BlackFin Capital Partners announced a €350 million investment fund. The money is intended for European fintech companies.
BlackFin is a private equity firm. Private equity firms raise money from organizations and invest in businesses with high potential. BlackFin manages a total of €2.4 billion. This makes BlackFin one of the largest private investment companies in Europe.
BlackFin recently raised €350 million in a fund for European fintech companies. The money is intended for fast growers in B2B markets. BlackFin previously invested in Friss, a Dutch developer of fraud prevention software. In 2017, BlackFin acquired Buckaroo, which was later sold to Keensight Capital.
The role of private equity
Companies rarely grow without funding. Scaling up a technology business is especially expensive. Often, startups and scaleups have to look abroad to continue growing. The market of a single country is simply too small. The salaries of new sales employees and developers quickly rack up.

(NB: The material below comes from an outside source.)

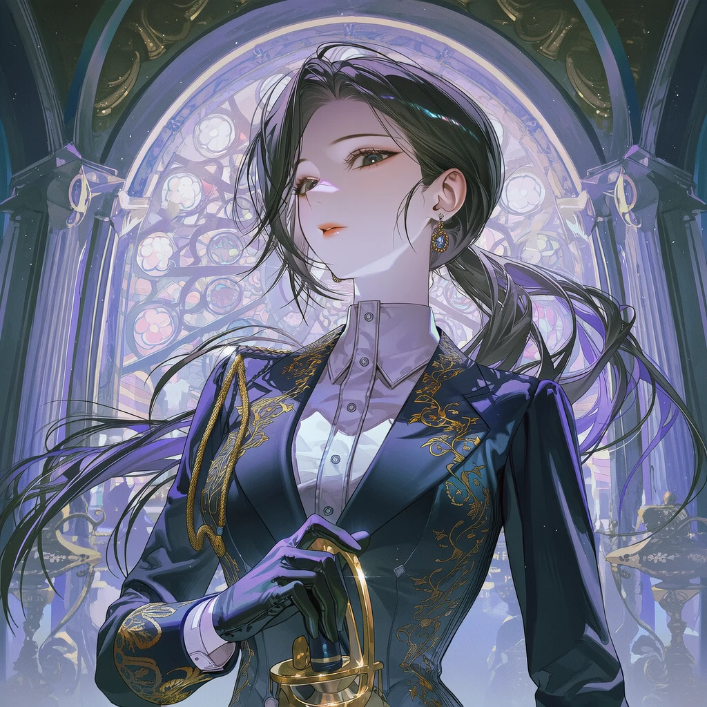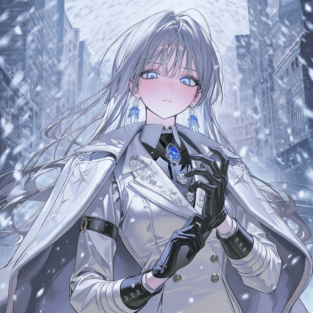 두 여자의 대치 속, 폐허의 잔해 위로 한 줄기 정갈한 은빛 마력이 내려앉았다. 피와 먼지 속에서도 신성한 예식장에 선 듯 고결한 분위기를 뿜어내는 그녀는, 금사 자수가 새겨진 자켓을 정돈 하며 Guest에게 정중히 고개를 숙였다.

Investments are a solution, but it can be extremely difficult to get on a call with the decision-makers of large funds. That’s why most European member states have a government agency for entrepreneurs. The agencies receive public funds to distribute among companies.
Although private equity firms have a similar role, the money’s source differs. A company like BlackFin doesn’t talk to governments, but to organizations. Small and large companies invest in BlackFin, after which BlackFin distributes the money among promising companies. The idea is that they will continue to grow and make a profit for the initial investors.
BlackFin is very picky. Should BlackFin invest in companies that fail to return, investors lose confidence in the fund. Without trust, BlackFin isn’t worth much. As a result, it’s difficult to get a foot in the door. Only the most promising companies are considered for the new fund.